Negroponte Unveils 2nd Generation OLPC Laptop: It’s an E-Book - nickb
http://www.xconomy.com/2008/05/20/negroponte-unveils-2nd-generation-olpc-laptop-its-an-e-book/
======
xirium
10 days ago, I wrote "In two years, we'll probably have a device which is a
mix of laptop, mobile telephone and Nintendo DS. It would be a clamshell
design with two 11 inch screens with the bottom one being touch sensitive." (
<http://news.ycombinator.com/item?id=186508> ).

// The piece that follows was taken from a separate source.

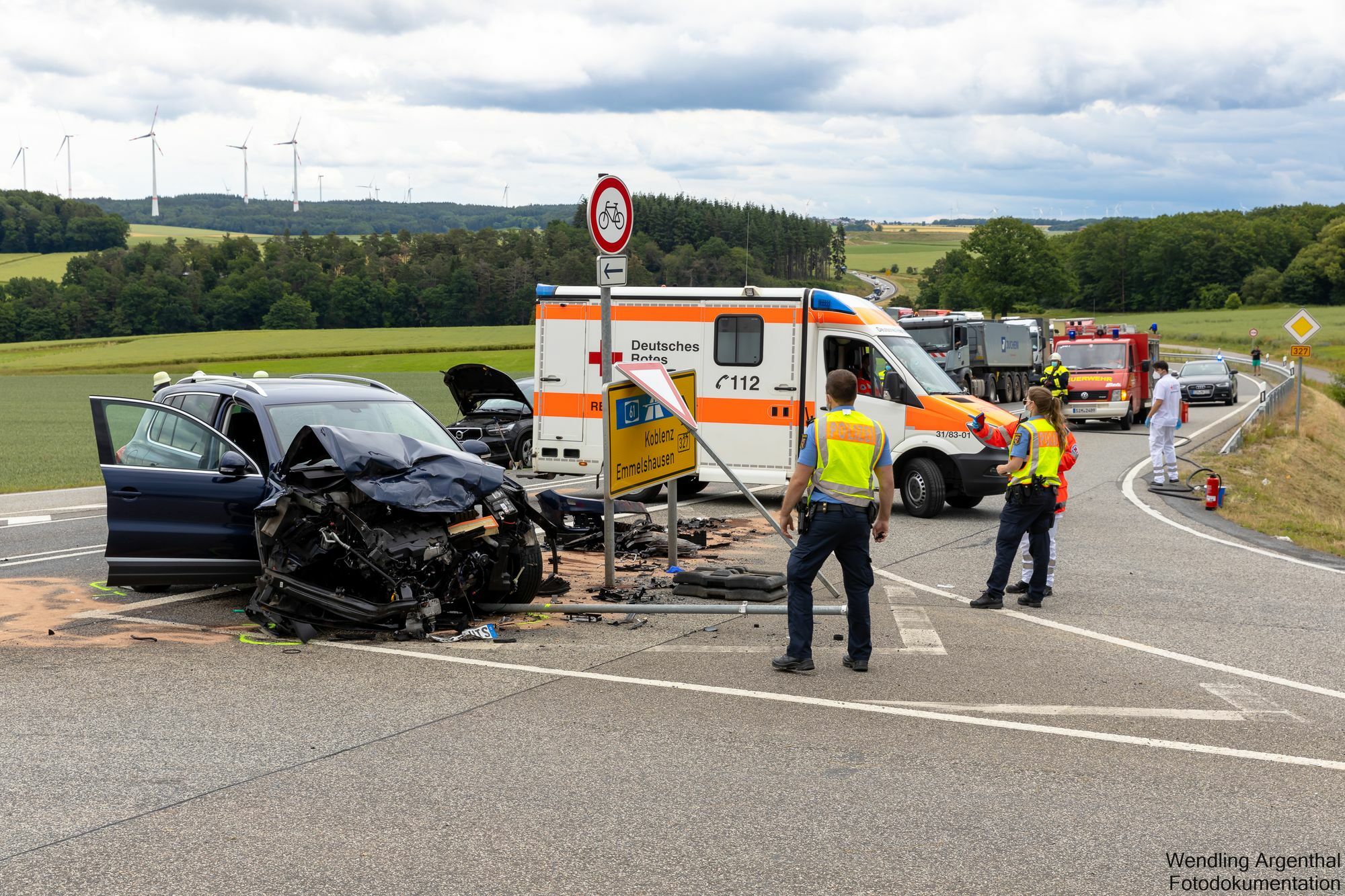 Nach derzeitigem Stand der Ermittlungen beabsichtigte der Fahrer eines VW von der L 205 kommend nach links auf die B 327 in Richtung Kappel abzubiegen. Hierbei übersah er einen von links kommenden Volvo. Bei der Kollision der beiden Fahrzeuge wurden beide Fahrer und die Beifahrerin des VW verletzt und mussten in verschiedene Krankenhäuser eingeliefert werden.

I had something like one of the OLPC's mock-ups (
[http://www.xconomy.com/2008/05/20/negroponte-unveils-2nd-
gen...](http://www.xconomy.com/2008/05/20/negroponte-unveils-2nd-generation-
olpc-laptop-its-an-e-book/xo-20-laptop-concept-showing-touch-screen-keyboard/)
) in mind.

------
notdarkyet
Wow, this is actually a huge turn away from the direction that the original
OLPC took. The fact that it will cost only $75 to make is extremely
impressive. Somehow I find this hard to believe that they are going this
route. How long could the battery life be for a device that has two huge DVD
lcd's? This announcement really reflects the intentions of Negroponte and
maybe he never really had 3rd world counties children in mind. I have to
imagine that it would be tough to learn to touch type using a touchscreen with
no tactile response mechanisms.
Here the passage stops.